In typical True Blood form, this episode opens with an interesting if entirely confusing scene, immediately following Chris Meloni’s death. There is some business with light (UV light?), darkness (safe?), a “protocol,” and the [human] vampire guards. I was super confused and had to watch it again. Was the protocol activated automatically, and if so how? By the staking? There was a brief countdown during which it appeared the Authority people knew to crouch down. Was the light horizontal? I’m confused how crouching in place was helpful to them. Wouldn’t Russell figure that out and do the same thing? It’s been made abundantly clear that he’s supremely powerful, yet he’s caught by a silver net fired from a single [human?] guard.
But then at the end of the episode, right before all of the vampires meth out on Lilith’s blood, it seems like just anyone who’s in the building gets to be in the room with Russell. So they’re all in on it? But then why did the guards freak out and net Russell, seemingly at their command? OK, so they weren’t all in on it initially, but now they are? Or they might be, and this is their time to take a stand? Did Salome have one-on-ones with all of them in scenes we missed? I really do feel like the writers are dicking with us at this point, but we always forgive them because they pepper insane violence here and there.
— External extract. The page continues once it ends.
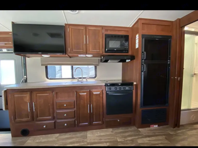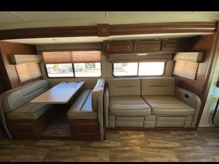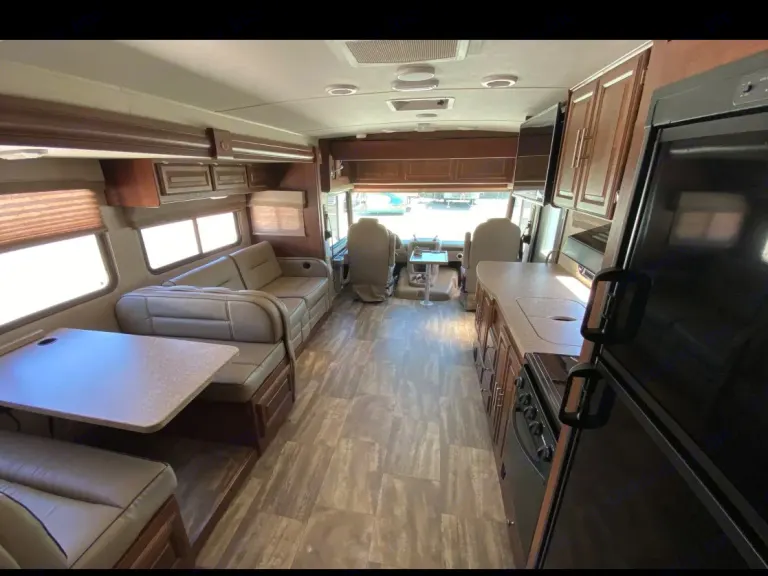 - **Spacious Layout with 2 Slide-Outs – Room to Roam!**: With two slide-outs, this RV opens up into a massive living space where your crew can spread out. At 84 inches of interior height, even your tallest friends can stand tall while you all belt out road trip tunes! [Ref web ID: 6]- **King-Size Bed – Sleep Like a Monarch!**: The private bedroom features a plush king-size bed, perfect for sprawling out after a day of hiking or beach lounging. You’ll wake up refreshed, ready to conquer your next adventure! [Ref web ID: 9]- **U-Shaped Dinette & Sofa – Your Chill Zone!**: The large U-shaped dinette and sofa are ideal for game nights, meals, or just kicking back with a good book. They also convert into extra beds, so your whole squad can crash in comfort! [Ref web ID: 23]- **Front Overhead Bunk – Sleepover Central!**: The front overhead bunk adds extra sleeping space for your spontaneous road trip buddies. It’s like a slumber party on wheels—pillow fights encouraged! [Ref web ID: 23]- **Dream Kitchen – Cook Like a Chef!**: The galley kitchen boasts custom countertops, a microwave, stove, oven, and stainless steel sink with a pull-out sprayer faucet. Whip up gourmet meals or midnight snacks while enjoying the luxury of your surroundings! [Ref web ID: 0] [Ref web ID: 23]- **Entertainment Galore – Fun for All!**: With LED TVs in the bedroom and living area, plus a premium Sony dash entertainment system with AM/FM, Bluetooth, and USB connectivity, you’ll never be bored. Movie marathons, karaoke, or streaming your favorite shows—this RV has it all! [Ref web ID: 0]- **Spacious Bathroom – Freshen Up in Style!**: The full bathroom offers plenty of space to shower and get ready, so you’ll always look your best for those campground selfies. Plus, there’s ample storage for all your essentials! [Ref web ID: 7]- **Night Shades – Sleep In Like a Boss!**: High-intensity lighting keeps things bright for late-night fun, but when it’s time to snooze, the night shades block out the world. You’ll sleep like royalty, no matter where you park! [Ref web ID: 9]- **Optional Thomas Payne Power Theater Seats – Ultimate Comfort!**: With USBs, recline, adjustable headrests, heat, massage, and lumbar support, these seats are a game-changer. You might never want to leave the RV! [Ref web ID: 0]**Why It’s Awesome**: The interior of “The Georgetown Getaway King” is a luxurious haven where comfort meets fun. Every detail is designed to make your trip a blast, from the spacious layout to the high-end features. You’ll make memories that last a lifetime!---#### Why You’ll Have the Best RV Adventure Ever!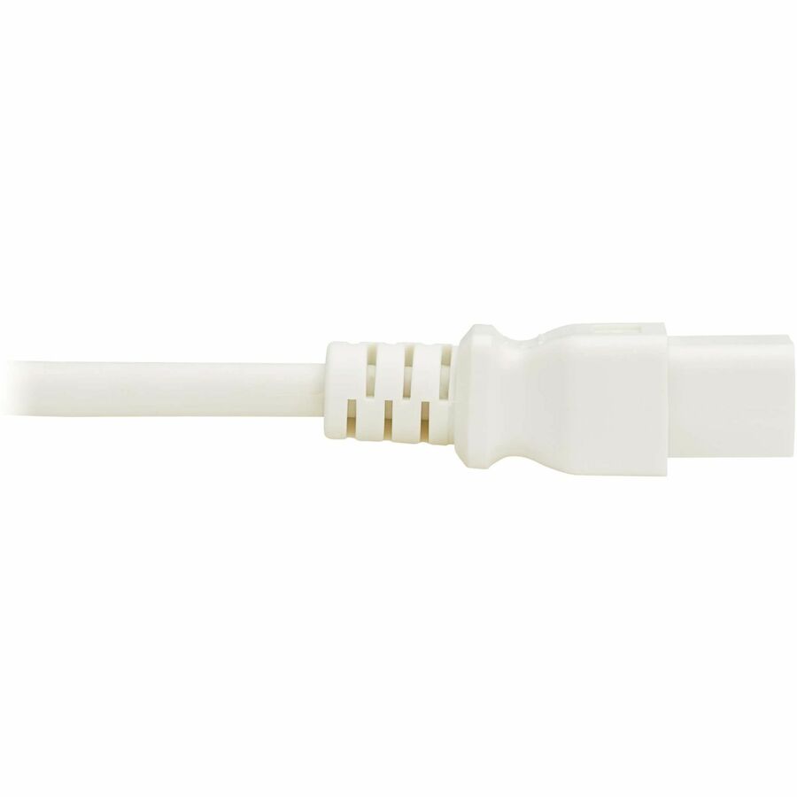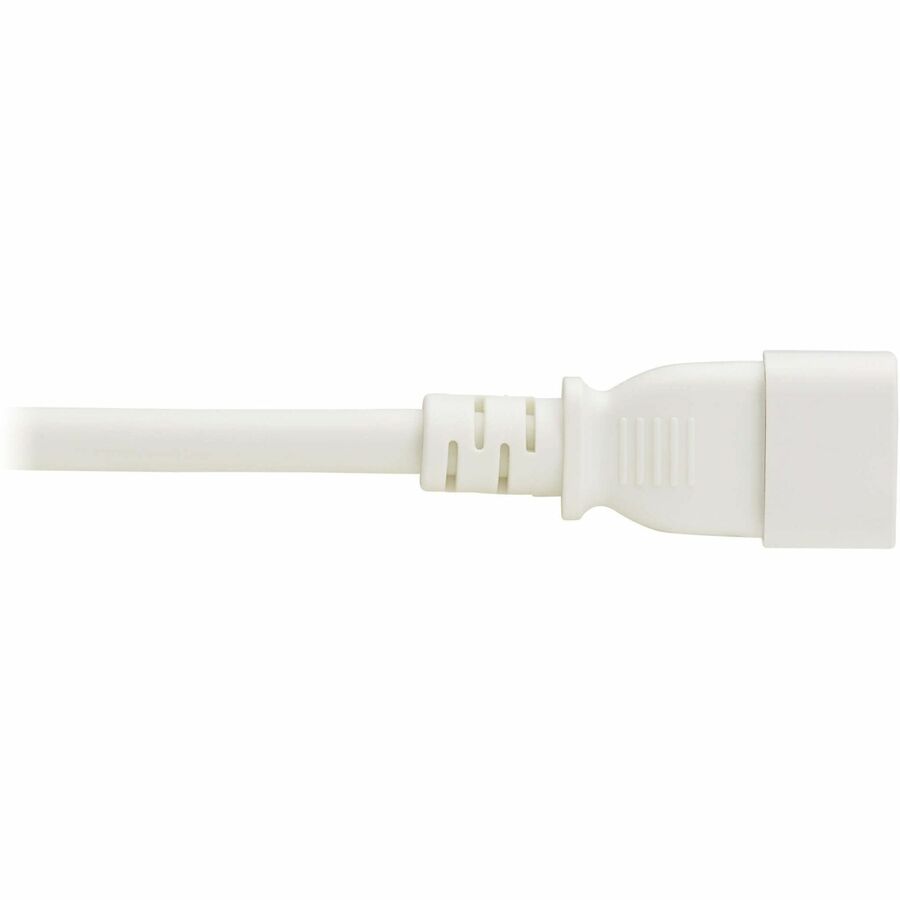 The UL-listed cable has a white PVC jacket with fully molded white ends, which is easy to identify quickly in a crowded PDU or UPS system and helps prevent the cable from becoming accidentally disconnected.

In case you can’t already tell, watching this episode made me super trip balls…
True Blood writers, I can’t stay mad at you! Immediately following the beginning’s bizarrely confusing scene, we’re back with Sookie, who discovers her powers are finite, and if she overuses them they’ll disappear. I like this conflict. Would Sookie like most to be normal? What cool secondary powers might she develop? This could go places.
Ehh, Sookie’s been on the decline for me for a while. Shooting sparkly light into the sky isn’t going to make me trip balls unless it’s followed immediately by someone getting shot in the face or something.
When did Sam develop the ability to…actually I don’t quite know how to qualify this “ability” if you can call it that. He sniffs and rubs things to learn about them, because he has experience life as a dog? Dogs secretly know how many people recently were in a room, and they’re just not letting us in on this neat trick? Good lord do I not care about Sam.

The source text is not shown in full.